Better farming practices urged as world's topsoil washes away

Periodically, American satellites take pictures of a strange haze over the eastern Atlantic. The haze is not water vapor but dirt - fine topsoil blown off the arid farm lands of North Africa.

At the Mauna Loa Observatory, in Hawaii, scientists can tell when spring planting starts in northern China. That's when the soil dust in their air samples increases sharply.

All over the globe, precious topsoil is blowing and washing away. Soil erosion now threatens the productivity of almost half the world's farmland, a just-released report by the Worldwatch Institute concludes.

''As demand for food climbs, the world is beginning to mine its soils, converting a renewable resource into a nonrenewable one,'' says Worldwatch president Lester Brown.

Environmentalists have long worried about the rate of topsoil erosion in the United States. The Worldwatch study, however, is one of the first attempts to measure the extent of the problem worldwide.

The report estimates that roughly 25 billion tons of the globe's topsoil is, in effect, disappearing each year. At that rate, the world will have 7 percent less topsoil in 1994 than it does today. Since the soil erodes faster in some areas than others, Worldwatch says this problem could seriously affect about half the world's farmland.

In the US, soil erosion exceeds tolerable levels on 44 percent of the land used to grow crops, the report notes. In India, the figure is 60 percent. In the Soviet Union, half a million hectares (1.2 million acres) of wind-eroded farmland are abandoned each year. One billion tons of topsoil flow out of Ethiopia's highlands annually, Worldwatch says.

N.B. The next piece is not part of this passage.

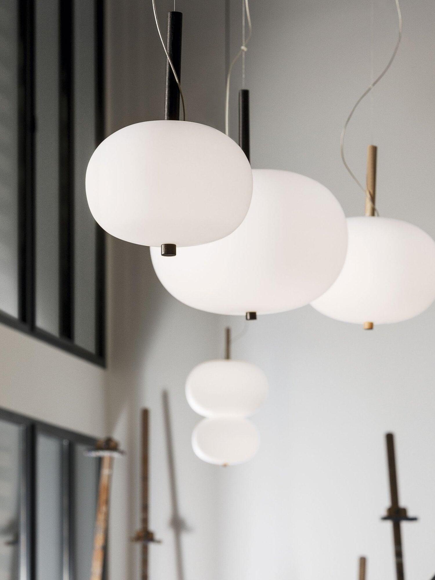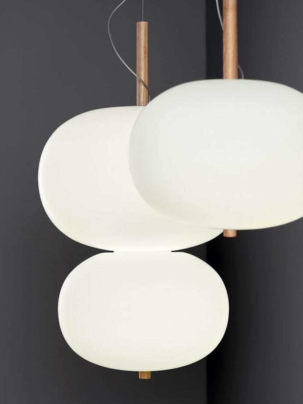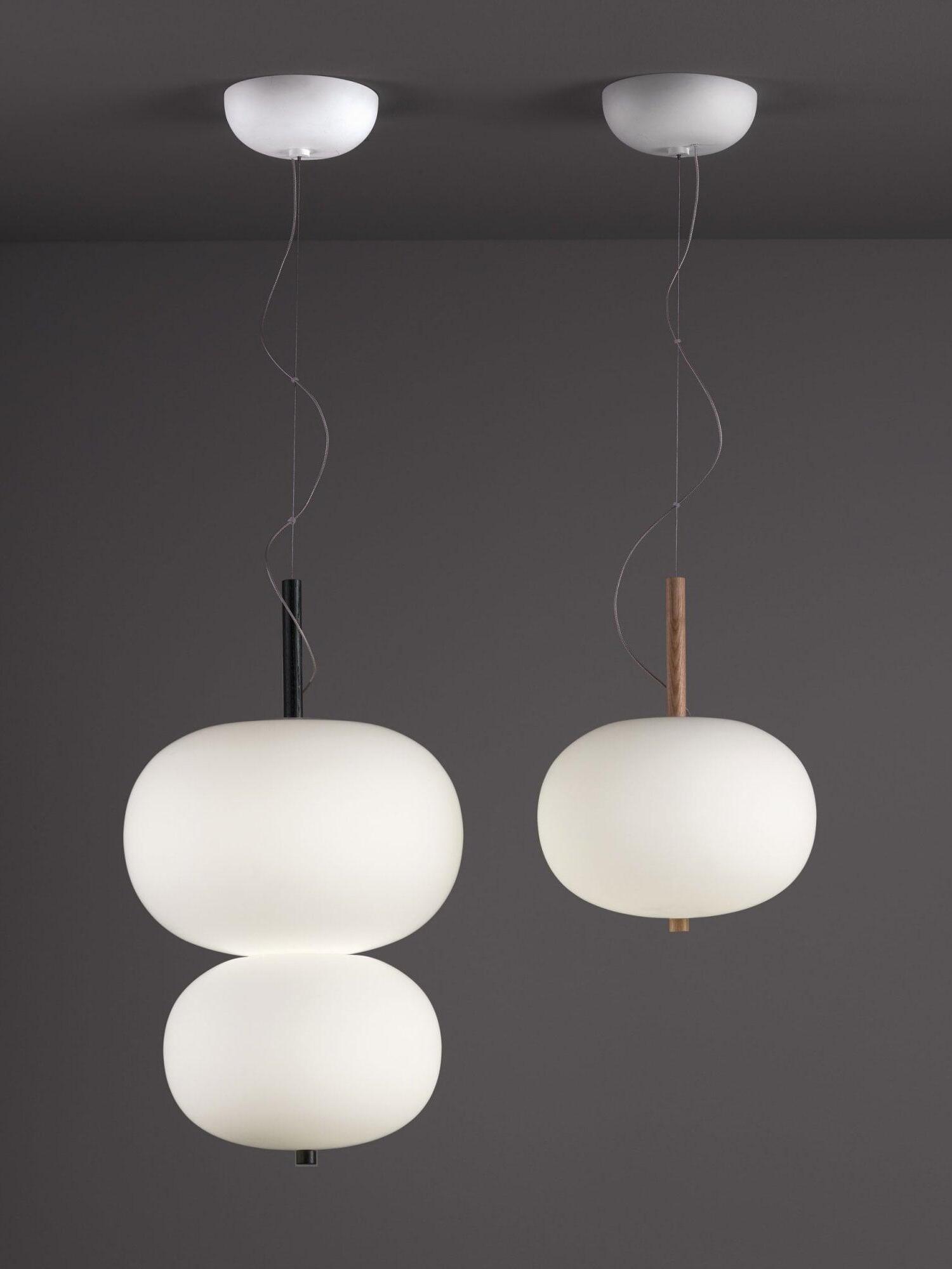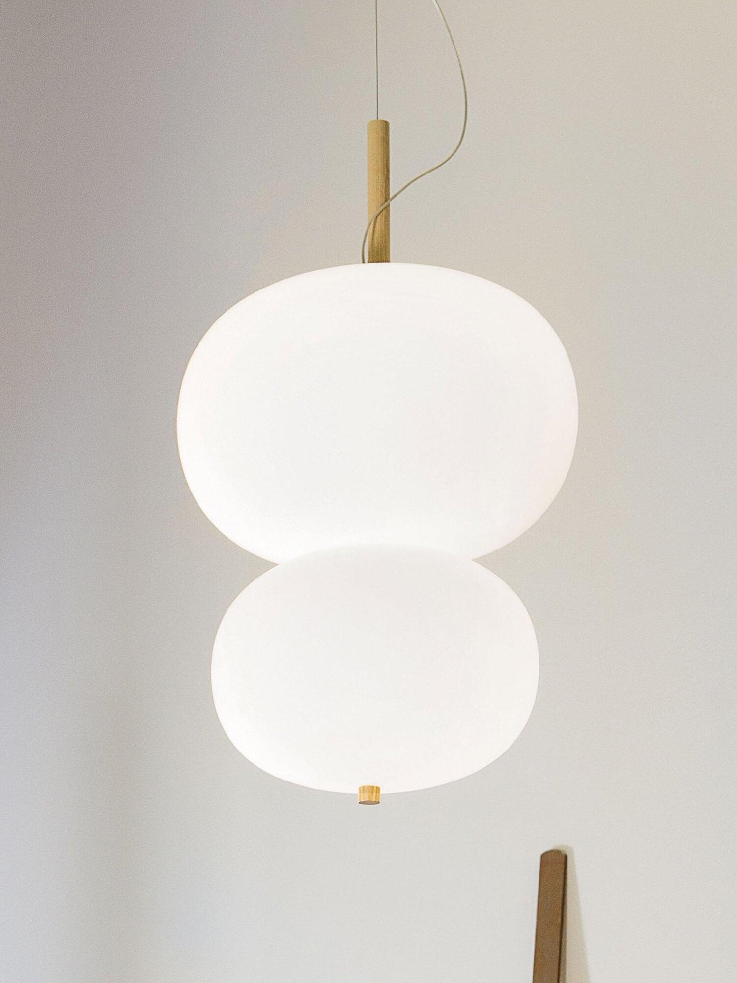 Ilargi lamp takes shape in a subtle and minimalist piece where a wooden wand sits between traditionally hand-blown glass spheres.Its warm, timeless design provides soft, pleasant light that adapts to professional and domestic settings, creating comfortable, natural spaces.

The press to increase food output may be the basic cause of the problem. World farmers are struggling to feed expanding populations, says the report, and some are resorting to practices that damage their fields.

Throughout the third world, farmers are expanding onto steep land that erodes quickly. In the Andes, for instance, some new cropland is in areas so mountainous that ''fear of ... landslides has become an integral part of daily life,'' the report says.

Crop rotation, which provides soil cover and binds soil particles together, is in some areas being abandoned. Many US farmers in the lower Mississippi Valley who used to switch crops now grow corn or soybeans continuously.

In arid regions, less farmland is being allowed to lie fallow. When not allowed to rest for a season, such soil tends to dry up and blow away. The Soviets, in the '70s, reduced their fallowed land by one-third, for instance.

Although some soils in Kenya are 76 inches deep, most of the world is covered by only a thin 6 to 7 inches of topsoil. If fields begin to look like worn rugs, with the underlying layer of subsoil showing through in spots, they can't grow as many plants as they used to. The loss of 4 inches of topsoil in one West African area cut corn yields by 52 percent.

But it is possible to slow down this accelerating problem. ''One third-world country that has formulated an effective response is Kenya,'' the study notes.

Working with Swedish environmental experts, Kenya began a soil conservation program a decade ago. Today the program is in full swing: Some 3.5 million trees have been given to farmers for use in slowing wind erosion. Thousands of erosion-cutting drains and terraces have been constructed.

Today conservation is being improved on 30,000 to 35,000 farms a year, ''a level that could stabilize Kenya's soils in 25 years,'' Worldwatch says.